Raw data →
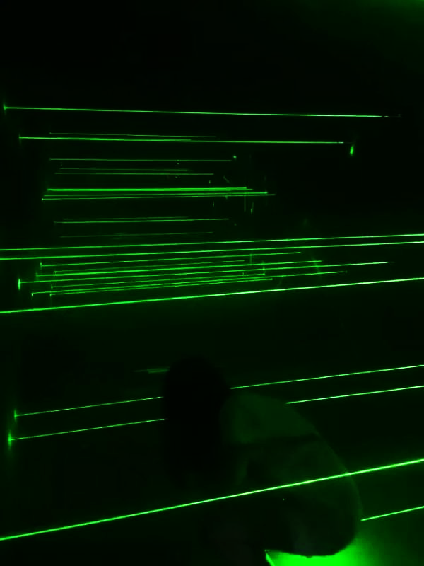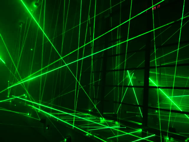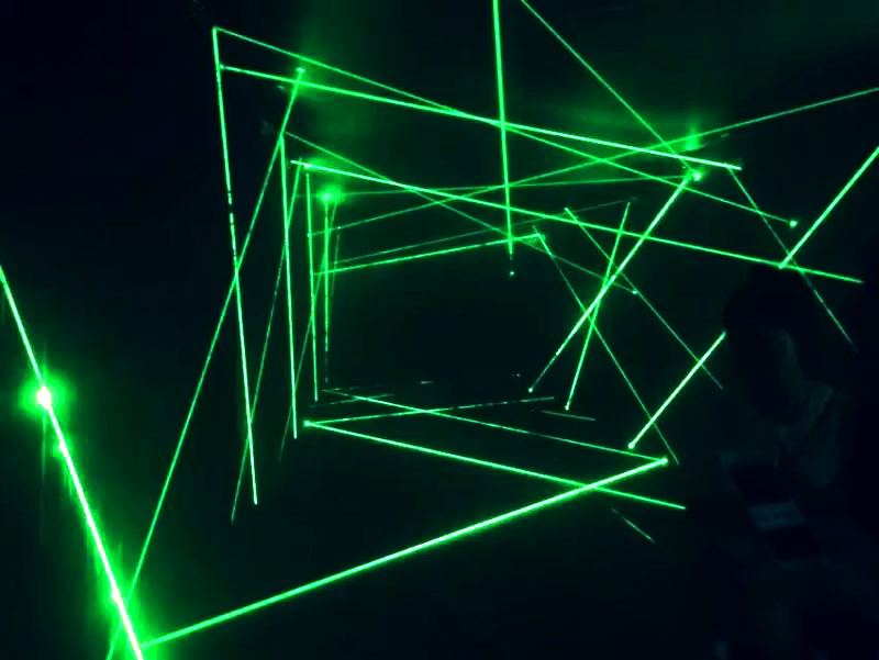 激光密室逃脫,使用特殊激光裝置,通過電子電路控制的一系列鐳射發射器和接收器,組成鐳射光網。
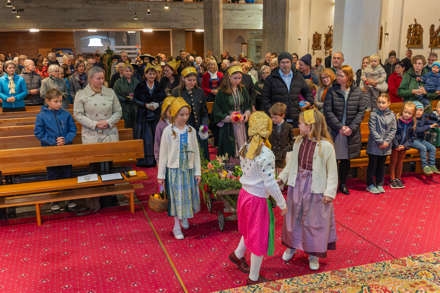 Kinder mit Goldhäubchen zogen ein Leiterwagerl mit Obst und Gemüse zum Altar, Frauen und Männer der Kirchdorfer Trachtengruppe in Festkleidung, dann die Erntekrone vor den MinisstrantInnen, Pastoralassistentin und Pfarrer. Der festliche Erntedank-Gottesdienst wurde musikalisch von der Musikkapelle Weinzierl-Altpernstein umrahmt.
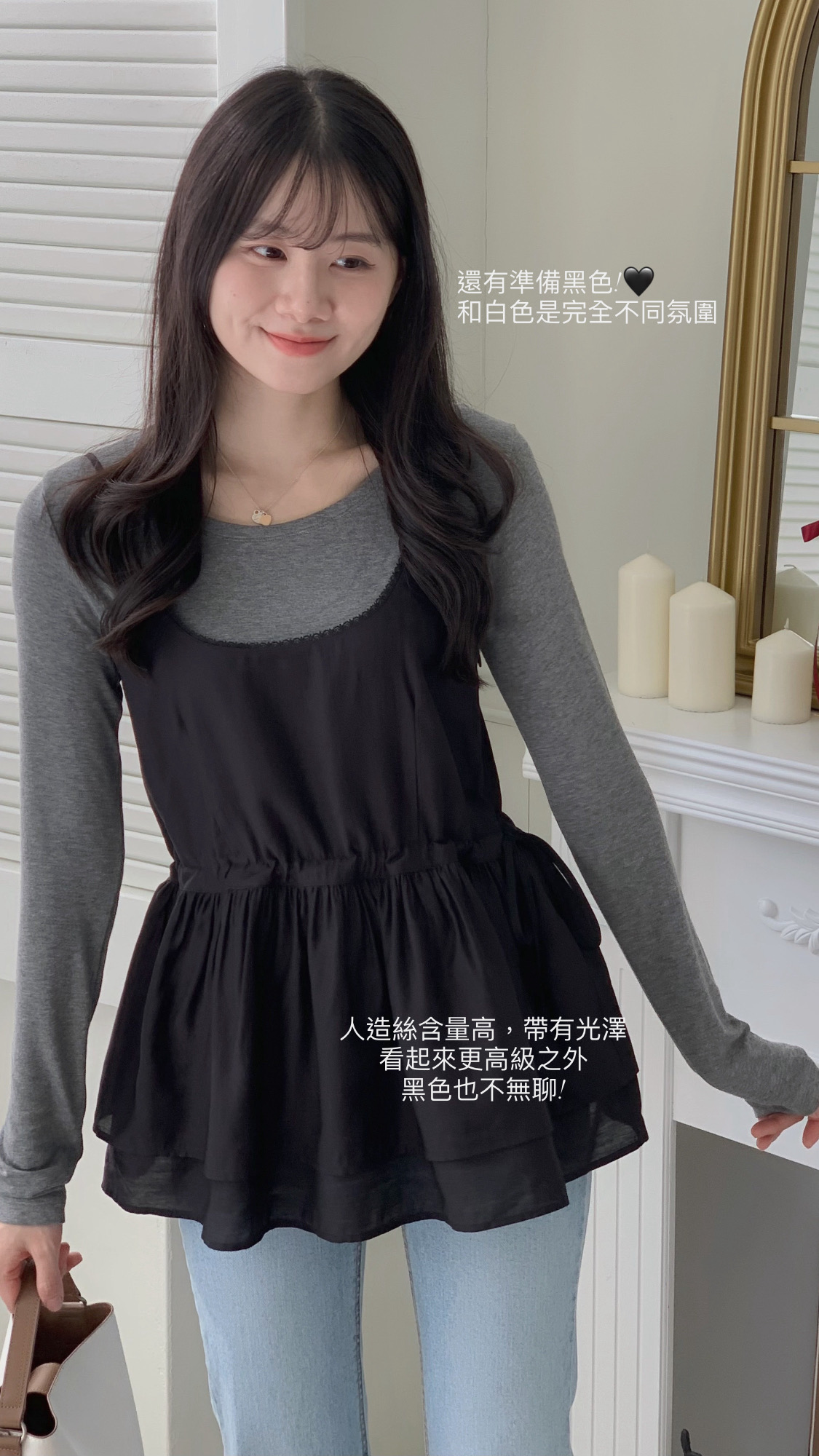 下擺雙層布料、自帶光澤感

Task directions → Write out again every line above exactly as given; the pictures do not belong in the copy.

Output for this task →
 激光密室逃脫,使用特殊激光裝置,通過電子電路控制的一系列鐳射發射器和接收器,組成鐳射光網。
 Kinder mit Goldhäubchen zogen ein Leiterwagerl mit Obst und Gemüse zum Altar, Frauen und Männer der Kirchdorfer Trachtengruppe in Festkleidung, dann die Erntekrone vor den MinisstrantInnen, Pastoralassistentin und Pfarrer. Der festliche Erntedank-Gottesdienst wurde musikalisch von der Musikkapelle Weinzierl-Altpernstein umrahmt.
 下擺雙層布料、自帶光澤感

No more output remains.